## YOUR OBJECTIVE
Every line of the listing below should be written out exactly, minus its pictures.

## SUPPLIED MATERIAL
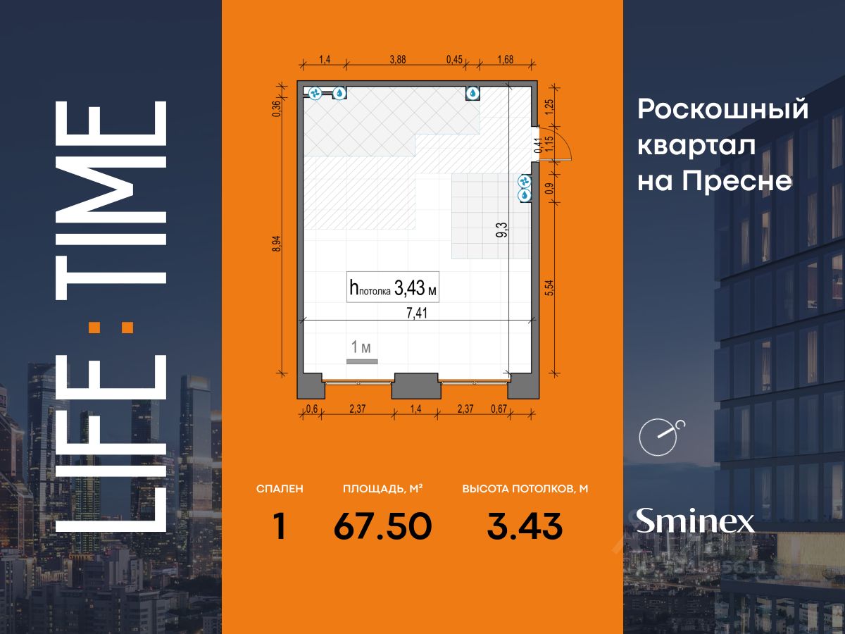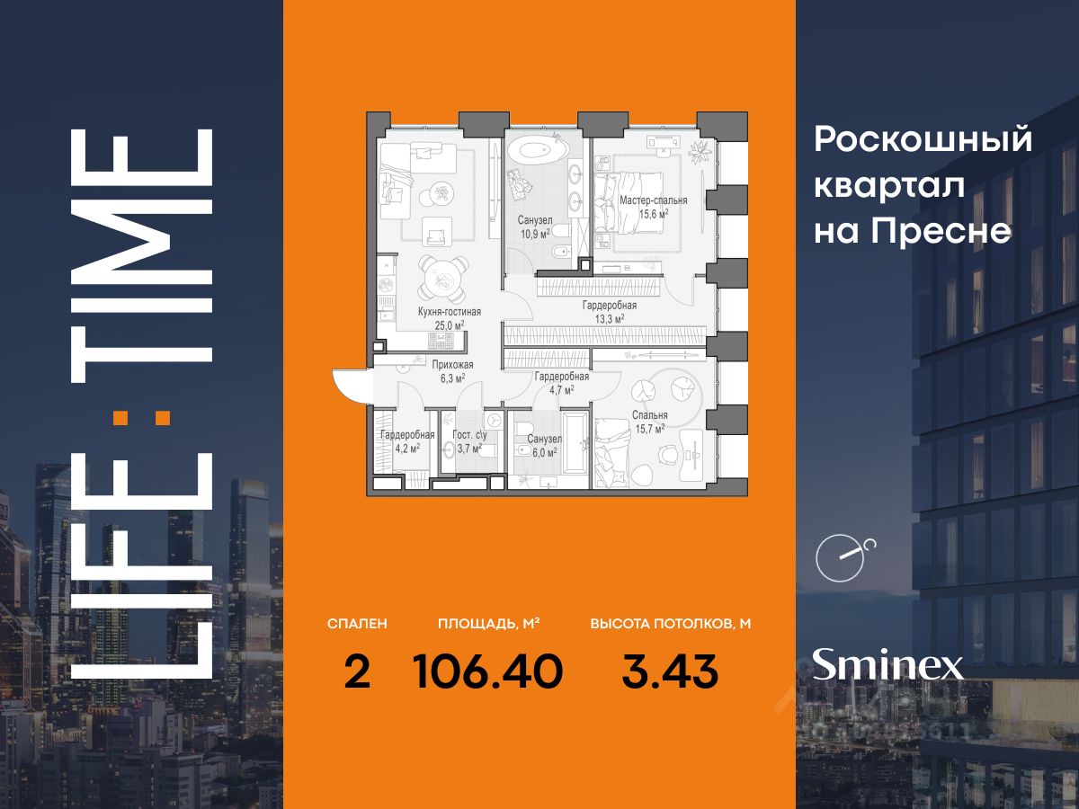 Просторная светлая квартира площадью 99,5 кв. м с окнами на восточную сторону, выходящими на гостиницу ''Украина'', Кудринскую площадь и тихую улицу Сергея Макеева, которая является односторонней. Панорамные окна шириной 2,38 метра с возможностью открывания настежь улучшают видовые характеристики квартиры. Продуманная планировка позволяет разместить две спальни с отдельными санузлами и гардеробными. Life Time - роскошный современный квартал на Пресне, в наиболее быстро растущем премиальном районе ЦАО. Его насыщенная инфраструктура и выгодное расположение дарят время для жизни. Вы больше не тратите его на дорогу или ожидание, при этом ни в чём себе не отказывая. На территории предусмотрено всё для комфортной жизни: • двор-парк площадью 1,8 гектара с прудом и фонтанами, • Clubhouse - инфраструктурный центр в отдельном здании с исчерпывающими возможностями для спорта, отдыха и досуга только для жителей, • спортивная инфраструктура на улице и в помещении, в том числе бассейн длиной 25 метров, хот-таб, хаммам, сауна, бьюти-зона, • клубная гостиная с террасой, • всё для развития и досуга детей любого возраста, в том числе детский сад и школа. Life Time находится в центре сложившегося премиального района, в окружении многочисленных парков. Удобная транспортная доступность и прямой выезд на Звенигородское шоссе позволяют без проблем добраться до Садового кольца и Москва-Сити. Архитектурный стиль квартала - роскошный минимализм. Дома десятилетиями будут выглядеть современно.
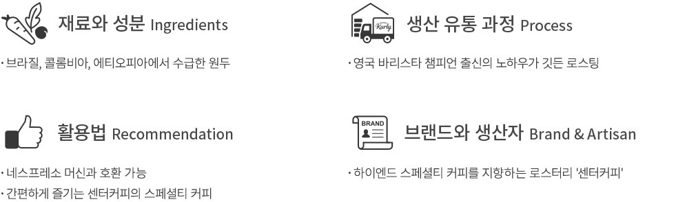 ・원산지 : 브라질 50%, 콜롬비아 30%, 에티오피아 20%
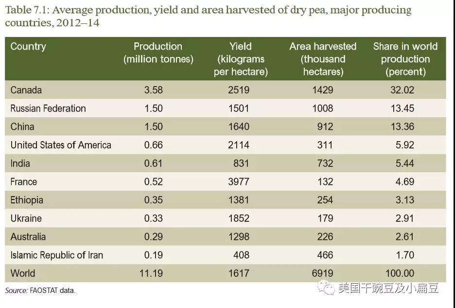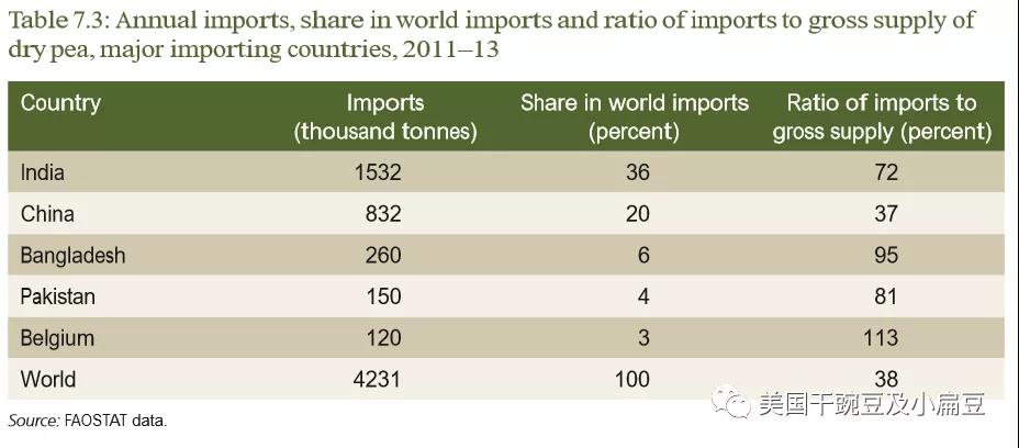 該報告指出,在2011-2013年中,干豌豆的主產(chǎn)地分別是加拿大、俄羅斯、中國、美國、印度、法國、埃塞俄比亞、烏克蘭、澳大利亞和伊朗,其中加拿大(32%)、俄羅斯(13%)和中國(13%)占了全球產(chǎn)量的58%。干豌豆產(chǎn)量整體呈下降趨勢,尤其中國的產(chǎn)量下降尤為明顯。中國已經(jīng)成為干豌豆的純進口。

## EXERCISE SOLUTION
 Просторная светлая квартира площадью 99,5 кв. м с окнами на восточную сторону, выходящими на гостиницу ''Украина'', Кудринскую площадь и тихую улицу Сергея Макеева, которая является односторонней. Панорамные окна шириной 2,38 метра с возможностью открывания настежь улучшают видовые характеристики квартиры. Продуманная планировка позволяет разместить две спальни с отдельными санузлами и гардеробными. Life Time - роскошный современный квартал на Пресне, в наиболее быстро растущем премиальном районе ЦАО. Его насыщенная инфраструктура и выгодное расположение дарят время для жизни. Вы больше не тратите его на дорогу или ожидание, при этом ни в чём себе не отказывая. На территории предусмотрено всё для комфортной жизни: • двор-парк площадью 1,8 гектара с прудом и фонтанами, • Clubhouse - инфраструктурный центр в отдельном здании с исчерпывающими возможностями для спорта, отдыха и досуга только для жителей, • спортивная инфраструктура на улице и в помещении, в том числе бассейн длиной 25 метров, хот-таб, хаммам, сауна, бьюти-зона, • клубная гостиная с террасой, • всё для развития и досуга детей любого возраста, в том числе детский сад и школа. Life Time находится в центре сложившегося премиального района, в окружении многочисленных парков. Удобная транспортная доступность и прямой выезд на Звенигородское шоссе позволяют без проблем добраться до Садового кольца и Москва-Сити. Архитектурный стиль квартала - роскошный минимализм. Дома десятилетиями будут выглядеть современно.
 ・원산지 : 브라질 50%, 콜롬비아 30%, 에티오피아 20%
 該報告指出,在2011-2013年中,干豌豆的主產(chǎn)地分別是加拿大、俄羅斯、中國、美國、印度、法國、埃塞俄比亞、烏克蘭、澳大利亞和伊朗,其中加拿大(32%)、俄羅斯(13%)和中國(13%)占了全球產(chǎn)量的58%。干豌豆產(chǎn)量整體呈下降趨勢,尤其中國的產(chǎn)量下降尤為明顯。中國已經(jīng)成為干豌豆的純進口。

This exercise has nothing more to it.